Aber auch große Teile der so genannten „Zivilgesellschaft“
sind daran beteiligt: Gerade die Reglementierung,
Überwachung und Sanktionierung von abweichendem
bzw. standortschädlichem Verhalten muss nicht
gegen die Mehrheit der hiesigen Bevölkerung durchgesetzt
werden, sondern kann sich auf eine breite Akzeptanz
autoritärer Denk- und Handlungsmuster in der
Gesellschaft stützen.
Repression gegen die Linke
Neben materiell
und sozial marginalisierten Menschen treffen solche
Maßnahmen insbesondere Menschen, die sich außerparlamentarisch
für Emanzipation und gegen herrschende Unterdrückungsverhältnisse
und ausgrenzende Ideologien einsetzen. War die Repression
gegen linke Kräfte schon immer stark (und dies
gilt besonders für Deutschland), so ist aktuell
zu beobachten, dass beispielsweise gegenüber
den 1970er Jahren zwar die Zahl sich (vermeintlich)

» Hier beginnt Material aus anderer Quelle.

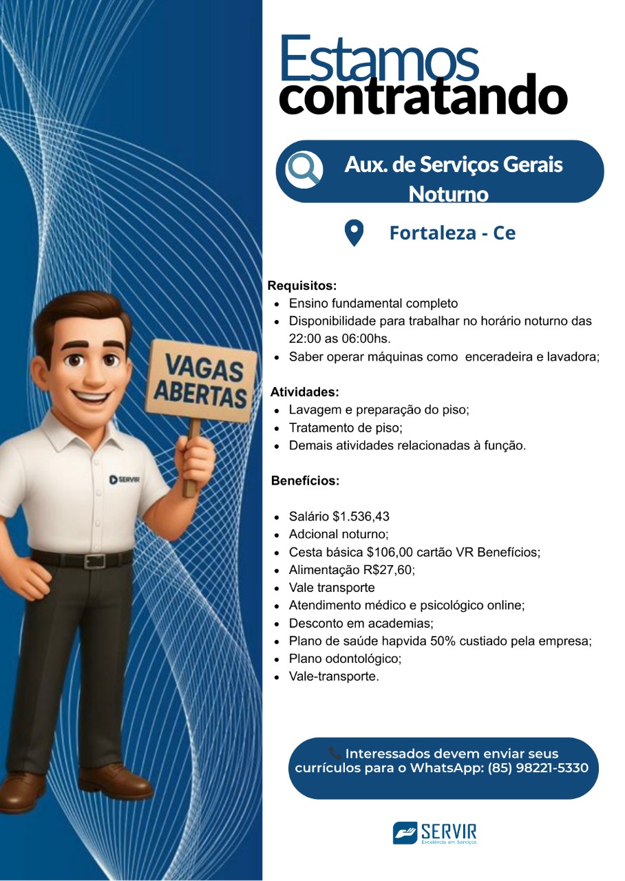 As vagas são divulgadas da mesma forma que recebemos. Não nos responsabilizamos pelas vagas, nem pelas informações fornecidas referente as mesmas, também não nos responsabilizamos pela idoneidade das empresas e instituições, apenas divulgamos as vagas que recebemos. Alertamos à buscar informações sobre as empresas que estão disponibilizando as vagas, através de contato por telefone ou e-mail divulgados nas mesmas, além de pesquisar na internet ou outros meios. Tome muito cuidado com locais (empresas ou instituições) que cobram taxas para garantir vagas ou para garantir uma colocação no mercado de trabalho. Esteja atento (a) a localização (endereço) da entrevista e do local de trabalho, se não conhecer ou achar que é um lugar isolado, vá com uma companhia ou não vá. Ter um emprego para garantir seu sustento e de sua família é importante, mas sua segurança e integridade também é, por isso, esteja atento. Se você é menor de idade vá acompanhado (a) de um (a) responsável.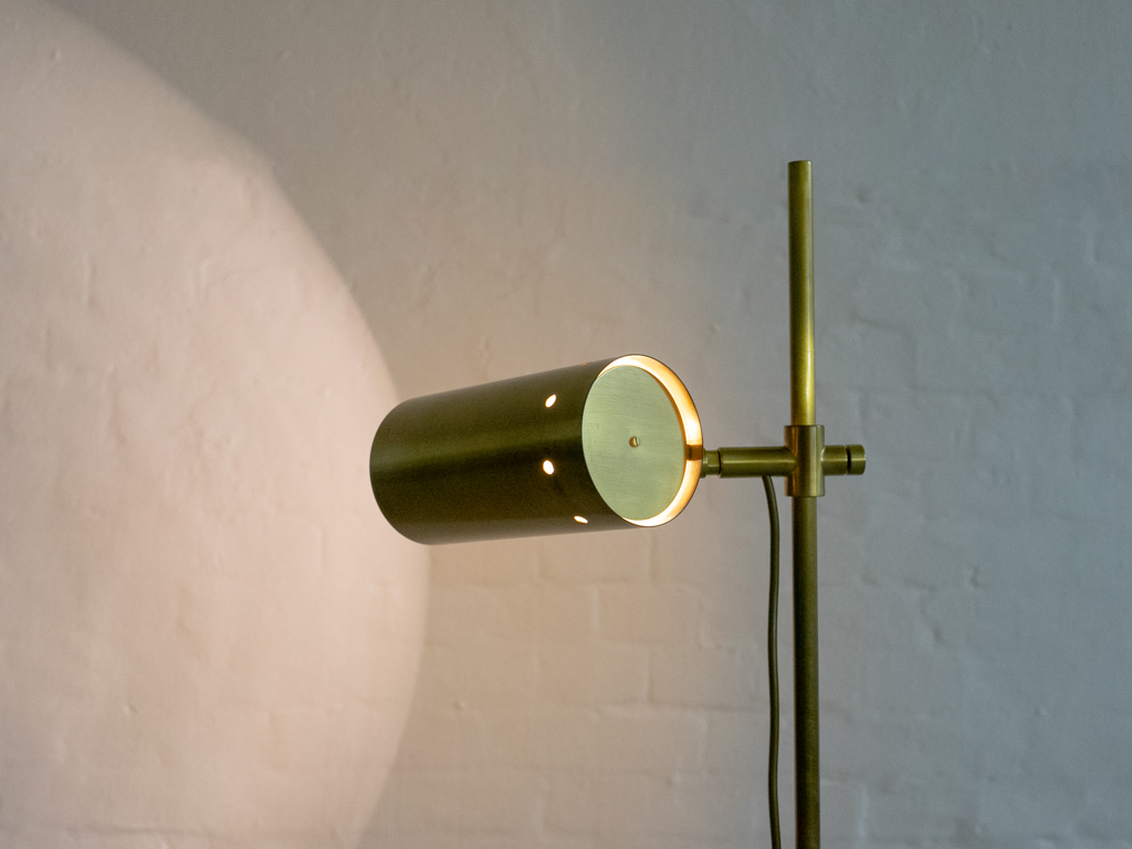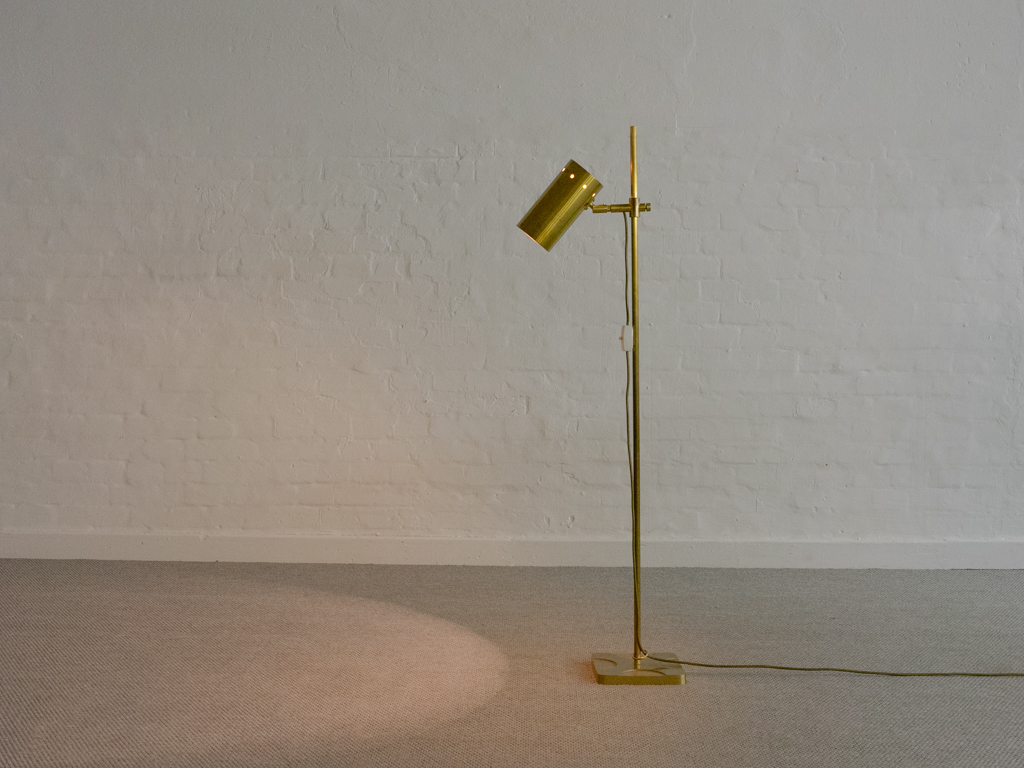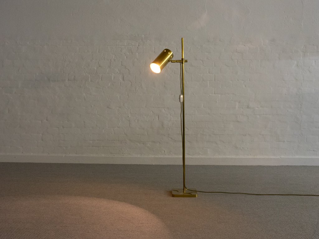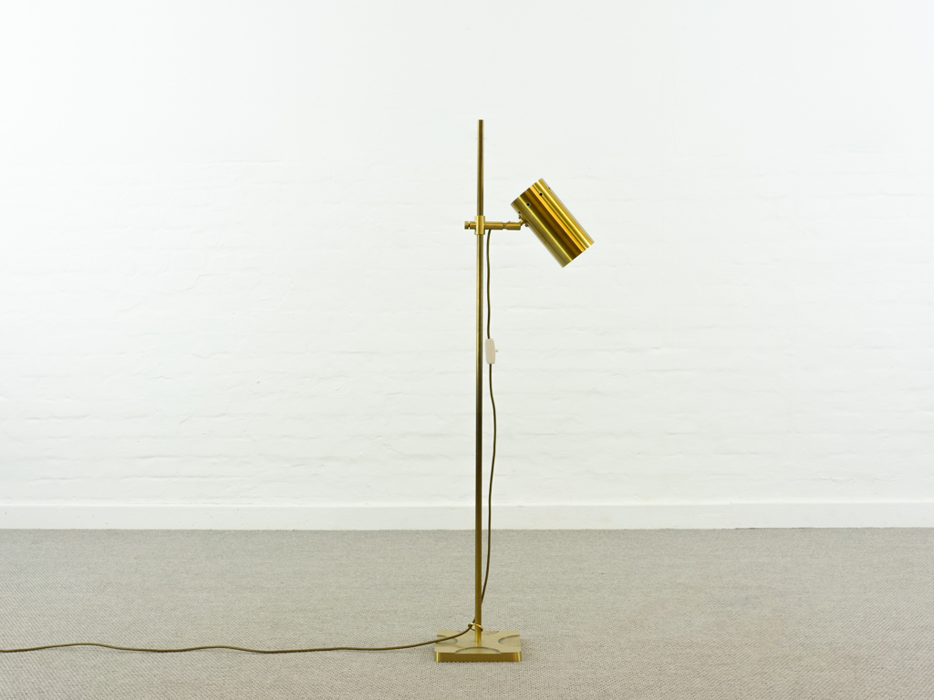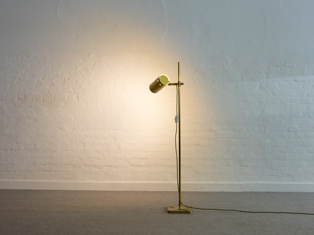Adjustable Floorlamp / Spot from the 60s. Designer and Manufacturer unknown. Height 129cm, Spotdiameter 10cm, Spotlength 20cm. E27 Socket. Minor signs of use and age, remains in good condition.

gesellschaftskritisch betätigender Menschen abgenommen
hat, dies aber keineswegs auf den staatlichen Gewaltapparat
und das Maß an Repression gegen die Linke zutrifft.
Hinzu kommt
eine Verschiebung gesellschaftlicher Kräfteverhältnisse,
die als autoritäre Formierung bezeichnet werden
kann. Mit Toleranz, Verständnis oder gar Solidarität
für linke Politikformen und Inhalte ist heute
kaum mehr zu rechnen. Die Akzeptanz des Abbaus repressiver
Maßnahmen bis hin zu Denunziantentum stehen
jedoch nach wie vor hoch im Kurs. Neue technische
Möglichkeiten und Methoden sowie eine verschärfte
Reglementierung von Protestformen und bürgerlichen
Freiräumen gehen oftmals Hand in Hand mit einer
rigiden Praxis von Polizei und Behörden sowie
einer Rechtsprechung, die juristische Spielräume
und Grauzonen bis zum Äußersten auszuschöpfen
gewillt ist.
Auf diese
Weise haben sich die Rahmenbedingungen linker Politik
bereits stark verschlechtert. In Baden-Württemberg,
wie im Rest der Republik, sieht sich die Linke mit
einer sich zuspitzenden repressiven Situation konfrontiert.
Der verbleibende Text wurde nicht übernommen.